[파이썬] Beautiful Soup 4 JSON 형식으로 내보내기

Beautiful Soup is a popular Python library used for web scraping and parsing HTML and XML documents. It simplifies the process of extracting data from these documents by providing a convenient API. In addition to parsing HTML and XML, Beautiful Soup also allows exporting the extracted data in different formats. One of the formats it supports is JSON.

In this blog post, we will explore how to use Beautiful Soup 4 to parse HTML and XML documents and export the extracted data in JSON format.

Installing Beautiful Soup 4

Before we can start, we need to have Beautiful Soup 4 installed. You can install it using pip by running the following command:

pip install beautifulsoup4

Parsing HTML/XML using Beautiful Soup 4

Once Beautiful Soup is installed, we can start parsing HTML or XML documents. Let’s assume we have an HTML document named “example.html”. We can parse it using the following code:

from bs4 import BeautifulSoup

with open("example.html") as fp:
    soup = BeautifulSoup(fp, "html.parser")

Here, we use the open function to open the HTML file, and then pass the file object to Beautiful Soup’s BeautifulSoup class along with the parser to use (html.parser in this case).
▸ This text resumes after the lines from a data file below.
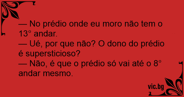 — Não, é que o prédio só vai até o 8° andar mesmo.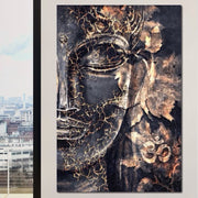 Tablou Canvas Premium LuxCanva® I118, Sub Pielea Timpului, Buddha, Vibratia OM, Constiinta, Spiritualitate, Crapaturi, Frunze, Foc Sacru, Contemplare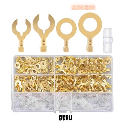 クワ型 丸型 端子セット 6mm 8mm 真鍮 圧着端子 400個入 絶縁スリーブ付き アース取り ケーブル 配線接続 端子 ターミナル コネクター 自

Extracting Data using Beautiful Soup 4

Now that we have the parsed document, we can use Beautiful Soup’s API to extract the desired data. The API provides various methods and selectors to navigate and search through the document.

# Extracting data from HTML elements
title = soup.title.string
first_paragraph = soup.p.string

# Extracting data using CSS selectors
links = soup.select("a[href^='http']")

In the above example, we extract the title of the document, the content of the first paragraph, and all the links that start with “http”.
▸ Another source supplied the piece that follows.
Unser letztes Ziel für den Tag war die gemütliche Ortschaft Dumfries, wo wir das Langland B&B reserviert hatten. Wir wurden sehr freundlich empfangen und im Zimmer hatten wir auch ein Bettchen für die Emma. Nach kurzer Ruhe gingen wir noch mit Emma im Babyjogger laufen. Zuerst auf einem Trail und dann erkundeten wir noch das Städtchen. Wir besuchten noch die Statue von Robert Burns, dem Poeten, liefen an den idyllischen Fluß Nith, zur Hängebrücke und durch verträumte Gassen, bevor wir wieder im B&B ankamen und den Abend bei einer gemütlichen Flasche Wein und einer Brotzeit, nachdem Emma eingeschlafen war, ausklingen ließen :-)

Exporting Data in JSON Format

To export the extracted data in JSON format, we can use the built-in json module in Python. We convert the extracted data into a Python dictionary or list, and then use the json.dump function to write the data into a JSON file.

import json

data = {
    "title": title,
    "first_paragraph": first_paragraph,
    "links": [link.get("href") for link in links],
}

with open("output.json", "w") as fp:
    json.dump(data, fp, indent=4)

In the above example, we create a dictionary named data containing the extracted data. We then open a new file named “output.json” in write mode and use json.dump to write the data into the file. The indent=4 argument is optional and adds indentation to improve readability.

Conclusion

Beautiful Soup 4 provides a powerful and convenient way to parse HTML and XML documents and extract data from them. By using its API and combining it with the json module in Python, we can easily export the extracted data in JSON format.

I hope this blog post has helped you understand how to export data in JSON format using Beautiful Soup 4 in Python. Happy scraping!